Kinoshita, Takahiro; Shibasaki, Hidehito; Enomoto, Naoki; Sahara, Yatsuka; Sunagawa, Hideki; Nishida, Toshirou.
Afiliação
  • Kinoshita T; Gastric Surgery Division, National Cancer Center Hospital East, 6-5-1 Kashiwanoha, Kashiwa, Chiba, 277-8577, Japan. takkinos@east.ncc.go.jp.
  • Shibasaki H; Gastric Surgery Division, National Cancer Center Hospital East, 6-5-1 Kashiwanoha, Kashiwa, Chiba, 277-8577, Japan.
  • Enomoto N; Gastric Surgery Division, National Cancer Center Hospital East, 6-5-1 Kashiwanoha, Kashiwa, Chiba, 277-8577, Japan.
  • Sahara Y; Department of Gastrointestinal and Pediatric Surgery, Tokyo Medical University Hospital, Tokyo, Japan.
  • Sunagawa H; Gastric Surgery Division, National Cancer Center Hospital East, 6-5-1 Kashiwanoha, Kashiwa, Chiba, 277-8577, Japan.
  • Nishida T; Gastric Surgery Division, National Cancer Center Hospital East, 6-5-1 Kashiwanoha, Kashiwa, Chiba, 277-8577, Japan.
Surg Endosc ; 30(6): 2613-9, 2016 06.
Article em En | MEDLINE | ID: mdl-26310530
ABSTRACT

BACKGROUND:

Laparoscopic lymph node (LN) dissection along the distal splenic artery (Station No. 11d) and around the splenic hilum (Station No. 10) remains challenging even for skilled surgeons.
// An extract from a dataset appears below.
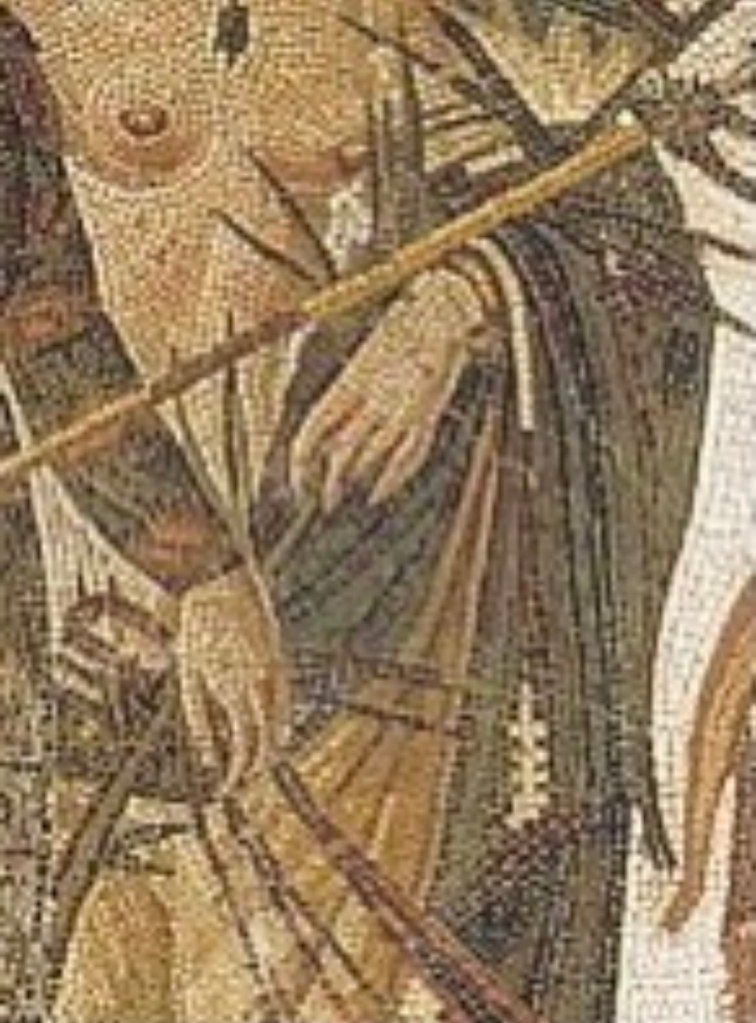 this is on the same order of magnitude as my other breakthroughs this week. BUT that was only regarding the branch versus Spear contrast; I still when I created “too late to catch the realtime breakthrough”, created this page a few minutes ago, I still – to this point a- had failed to even think of asking which hand she holds it in or whether we can see that – even though , even though I had deliberately looked at this mosaic maybe yesterday.

The major reason for the difficulty is the complex, multifarious anatomy of the splenic vessels. The latest integrated three-dimensional (3D) simulations may facilitate this procedure.

METHODS:

Usefulness of 3D simulation was investigated during 20 laparoscopic total gastrectomies with splenic hilar LN dissection while preserving the spleen and pancreas (LTG + PSP) or with splenectomy (LTG + S). Clinical information acquired by 3D simulation and the consistency of the virtual and real images were evaluated. Furthermore, clinical data of these patients were compared with that of the patients who underwent the same surgery before the introduction of 3D simulation (n = 10), to clarify its efficacy.

RESULTS:

The vascular architecture and morphologic characteristics were clearly demonstrated in 3D simulation, with sufficient consistency. The median durations of 14 LTG + PSP and 6 LTG + S operations were 318 and 322 min, respectively. The estimated blood losses were 18 and 38 g, respectively. There were no deaths. One postoperative peritoneal abscess (grade II according to Clavien-Dindo) was recorded. A comparison of clinical parameters between surgeries without or with 3D simulation showed no differences in operation time, blood loss, or complication rate; however, the number of retrieved No. 10 LNs has significantly increased in cases with the use of 3D simulation (p = 0.006).

CONCLUSIONS:

This kind of surgery is not easy to perform, but the latest 3D computed tomography simulation technology has made it possible to reduce the degree of difficulty and also to enhance the quality of surgery, potentially leading to widespread use of these techniques.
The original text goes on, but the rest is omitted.